MannKind Corp and Biomarin Pharmaceutical Volatility Contrast

   Predicted Return Density   
       Returns  

Pair Trading with MannKind Corp and Biomarin Pharmaceutical

The main advantage of trading using opposite MannKind Corp and Biomarin Pharmaceutical positions is that it hedges away some unsystematic risk. Because of two separate transactions, even if MannKind Corp position performs unexpectedly, Biomarin Pharmaceutical can make up some of the losses. Pair trading also minimizes risk from directional movements in the market.

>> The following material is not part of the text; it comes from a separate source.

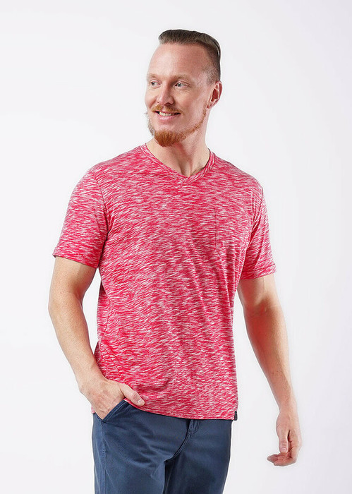 Стильная футболка с V-образным вырезом горловины из дышашего хлопкового полотна (флам). Модель дополняет акцентный карман с принтом и имиджевая фурнитура. Отлично подходит для прогулок и встреч с друзьями.

For example, if an entire industry or sector drops because of unexpected headlines, the short position in Biomarin Pharmaceutical will offset losses from the drop in Biomarin Pharmaceutical's long position.
The idea behind MannKind Corp and Biomarin Pharmaceutical pairs trading is to make the combined position market-neutral, meaning the overall market's direction will not affect its win or loss (or potential downside or upside). This can be achieved by designing a pairs trade with two highly correlated stocks or equities that operate in a similar space or sector, making it possible to obtain profits through simple and relatively low-risk investment.
Check out your portfolio center.
Note that this page's information should be used as a complementary analysis to find the right mix of equity instruments to add to your existing portfolios or create a brand new portfolio. You can also try the Pattern Recognition module to use different Pattern Recognition models to time the market across multiple global exchanges.